Hi Jack,
There's nothing in the code that's specific for 11 probes in the set.
I'm not sure what the problem could be - I don't know the code
intimately, I only hacked it, and I barely ever use it. Have you
tried doing debug(RemoveProbes)? If you're not familiar with it, it
will send your next call to RemoveProbes to a debugger where you can
step through each line of code to see what it's doing and where the
problem is. I use it all the time for hacking. If you can't figure it
out, send me (off list) your list of probes and probe sets, and your
ENTIRE code that you've been trying (not just error messages!) and I
might have time this weekend to look into it.
Jenny
At 02:03 PM 9/2/2010, Jack Luo wrote:
>Jenny,
>
>Thanks for your email. I'll look to see whether I can do this. But
>after running the code using my own data, I am puzzled whether my
>speculation in the previous email is correct or not, since I also
>run into problems even when not all the probes are taken out in the
>probe sets. One quick question is that does your code have any
>special treatment on those probe sets that have more than 11 probes?
>We know that in U133A, majority of the probe sets have 11 probe
>pairs and there are ~ 500 probe sets have more than 11 probe pairs.

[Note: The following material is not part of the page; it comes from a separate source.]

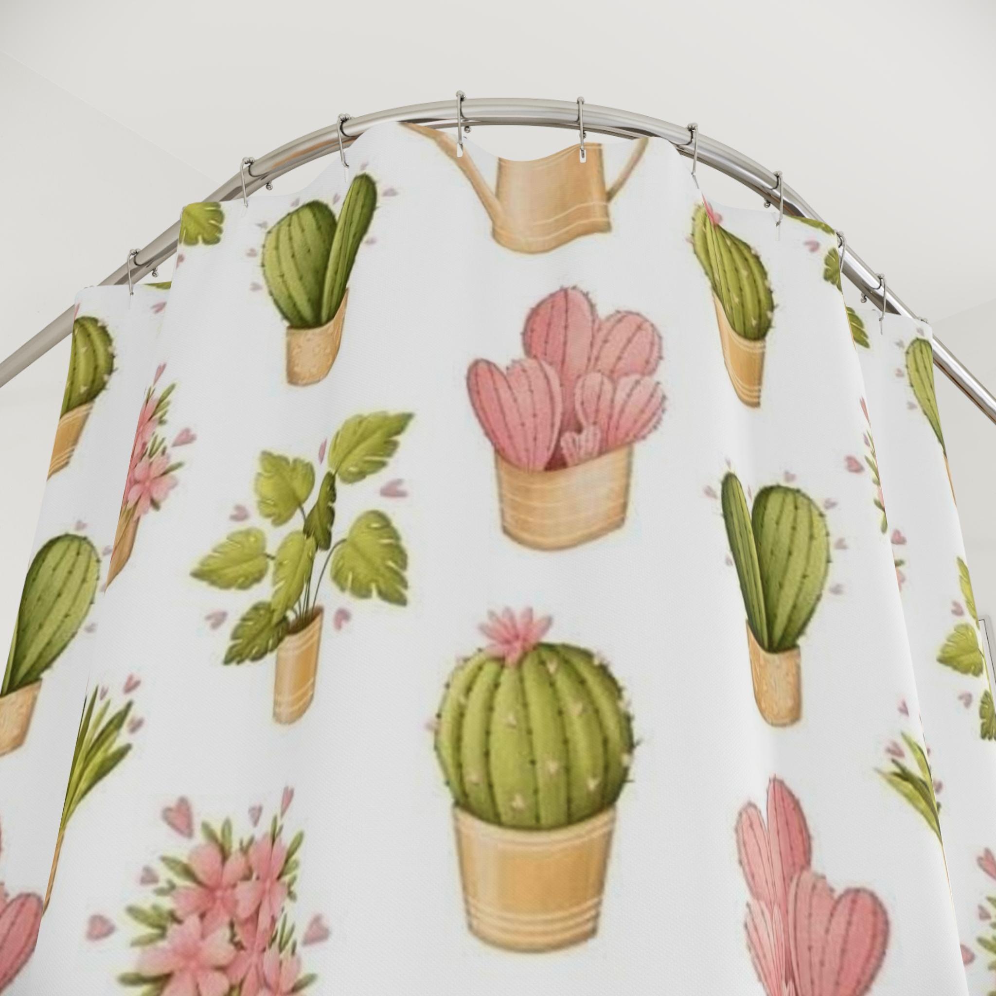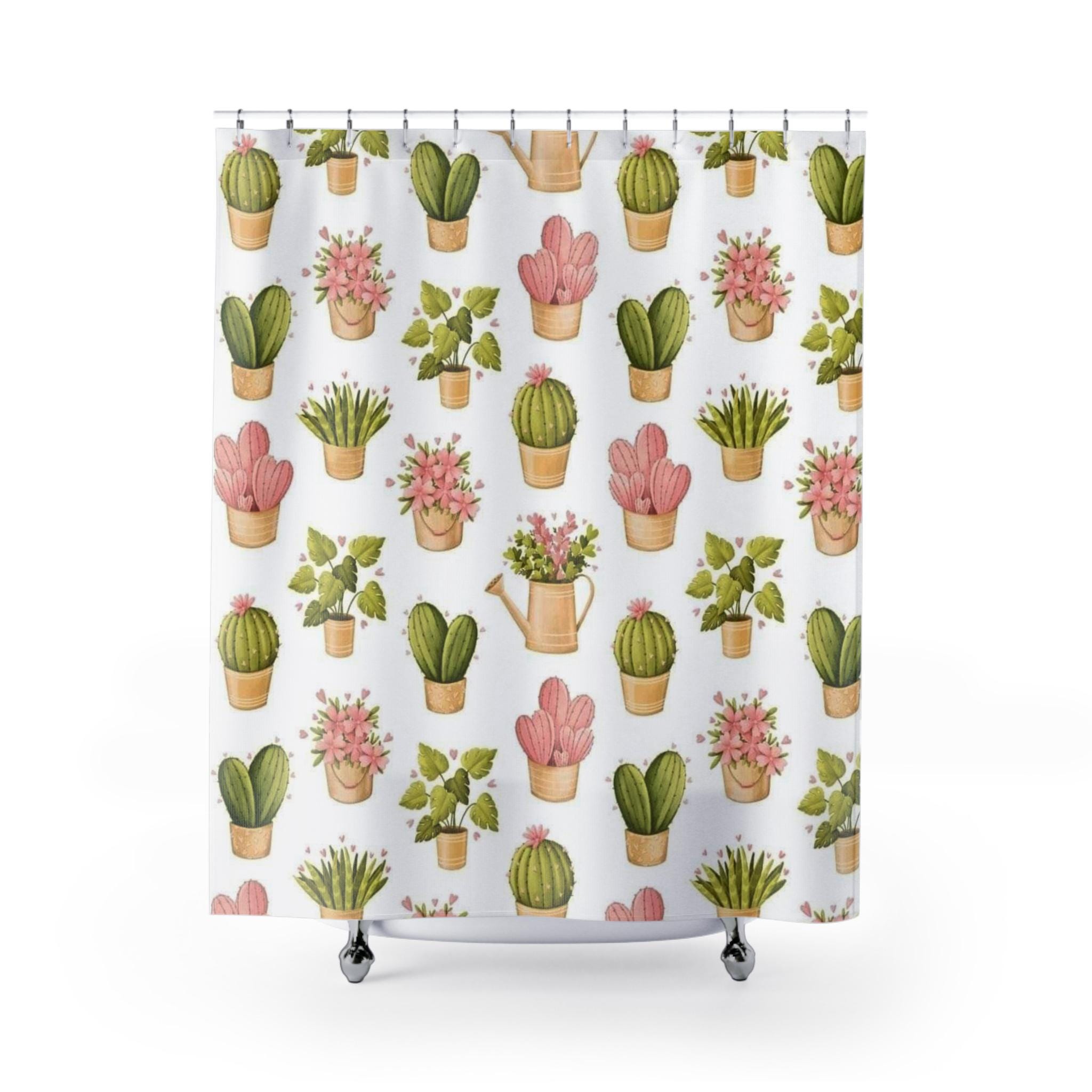 Product features - 100% polyester fabric — durable, shape-retaining, quick-drying - One-sided watercolor print of potted succulents and cacti - Twelve top buttonholes for standard shower hooks (hooks not included) - Pre-constructed item with size variance of +/- 2" - Adult use; lightweight and easy to hang

>I run the new code against two of my datasets (one ran through
>perfectly using the 08 version of the code and the other one ran
>into problem using the 08 version of the code) and found that the
>new code run into errors for both the datasets. The error msg shows
>
>Error in RemoveProbes(listOutProbes = maskedprobes, listOutProbeSets
>= maskedprobeSets, :
> Probe set 320_at has zero probes left. Remove this entire probe
set
> in the listOutProbeSets argument
>
>The other one shows
>Error in RemoveProbes(listOutProbes = maskedprobes, listOutProbeSets
>= maskedprobeSets, :
> Probe set 632_at has zero probes left. Remove this entire probe
set
> in the listOutProbeSets argument
>
>The common thing about "320_at" and "632_at" are that they both have
>16 probe pairs before masking. Actually the maskedprobes do not
>contain all the probe pairs for the above probe sets.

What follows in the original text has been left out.